SOME SCRAPS OF PAPER.
The Marquis de Croisenois was never punctual.

He had received a note asking him to call on Mascarin at eleven o'clock, and twelve had struck some time before he made his appearance.

Faultlessly gloved, his glass firmly fixed in his eye, and a light walking cane in his hand, and with that air of half-veiled insolence that is sometimes affected by certain persons who wish the world to believe that they are of great importance, the Marquis de Croisenois entered the room.
At the age of twenty-five Henry de Croisenois affected the airs and manners of a lad of twenty, and so found many who looked upon his escapades with lenient eyes, ascribing them to the follies of youth.
Under this youthful mask, however he concealed a most astute and cunning intellect, and had more than once got the better of the women with whom he had had dealings.

His fortune was terribly involved, because he had insisted on living at the same rate as men who had ten times his income.
Forming one of the recklessly extravagant band of which the Duke de Saumeine was the head, Croisenois, too, kept his racehorses, which was certainly the quickest way to wreck the most princely fortune.

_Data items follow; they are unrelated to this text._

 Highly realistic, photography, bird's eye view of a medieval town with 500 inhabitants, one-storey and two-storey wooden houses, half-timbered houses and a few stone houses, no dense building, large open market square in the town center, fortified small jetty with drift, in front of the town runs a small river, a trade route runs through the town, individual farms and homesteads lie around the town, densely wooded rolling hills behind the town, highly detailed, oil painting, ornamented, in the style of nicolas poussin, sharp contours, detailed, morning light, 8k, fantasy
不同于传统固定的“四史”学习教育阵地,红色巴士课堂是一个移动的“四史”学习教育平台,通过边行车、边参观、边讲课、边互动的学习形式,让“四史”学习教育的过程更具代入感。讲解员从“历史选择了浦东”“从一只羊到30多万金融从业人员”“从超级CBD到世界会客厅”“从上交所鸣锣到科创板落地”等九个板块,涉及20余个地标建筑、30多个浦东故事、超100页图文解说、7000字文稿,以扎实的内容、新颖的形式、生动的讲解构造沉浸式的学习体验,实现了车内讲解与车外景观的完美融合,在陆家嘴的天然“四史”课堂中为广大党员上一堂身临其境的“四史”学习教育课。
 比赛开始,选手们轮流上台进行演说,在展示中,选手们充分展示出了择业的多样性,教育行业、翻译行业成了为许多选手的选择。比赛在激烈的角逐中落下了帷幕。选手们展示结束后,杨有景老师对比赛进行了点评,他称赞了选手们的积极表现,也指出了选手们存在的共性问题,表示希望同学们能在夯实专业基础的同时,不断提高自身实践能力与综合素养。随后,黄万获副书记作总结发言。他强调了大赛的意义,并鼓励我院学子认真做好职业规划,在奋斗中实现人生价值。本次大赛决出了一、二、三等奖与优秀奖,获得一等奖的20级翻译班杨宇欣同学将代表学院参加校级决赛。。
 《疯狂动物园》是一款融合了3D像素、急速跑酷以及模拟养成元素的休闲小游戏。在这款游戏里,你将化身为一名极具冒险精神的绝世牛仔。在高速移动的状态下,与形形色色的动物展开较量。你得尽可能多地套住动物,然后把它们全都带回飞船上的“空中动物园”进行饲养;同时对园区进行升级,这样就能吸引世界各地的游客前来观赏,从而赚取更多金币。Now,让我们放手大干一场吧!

The Marquis had found out this, and was utterly involved, when Mascarin extended a helping hand to him, to which he clung with all the energy of a drowning man.
Whatever Henry de Croisenois' anxieties may have been on the day in question, he did not allow a symptom of them to appear, and on his entrance negligently drawled, "I have kept you waiting, I fear; but really my time is not my own.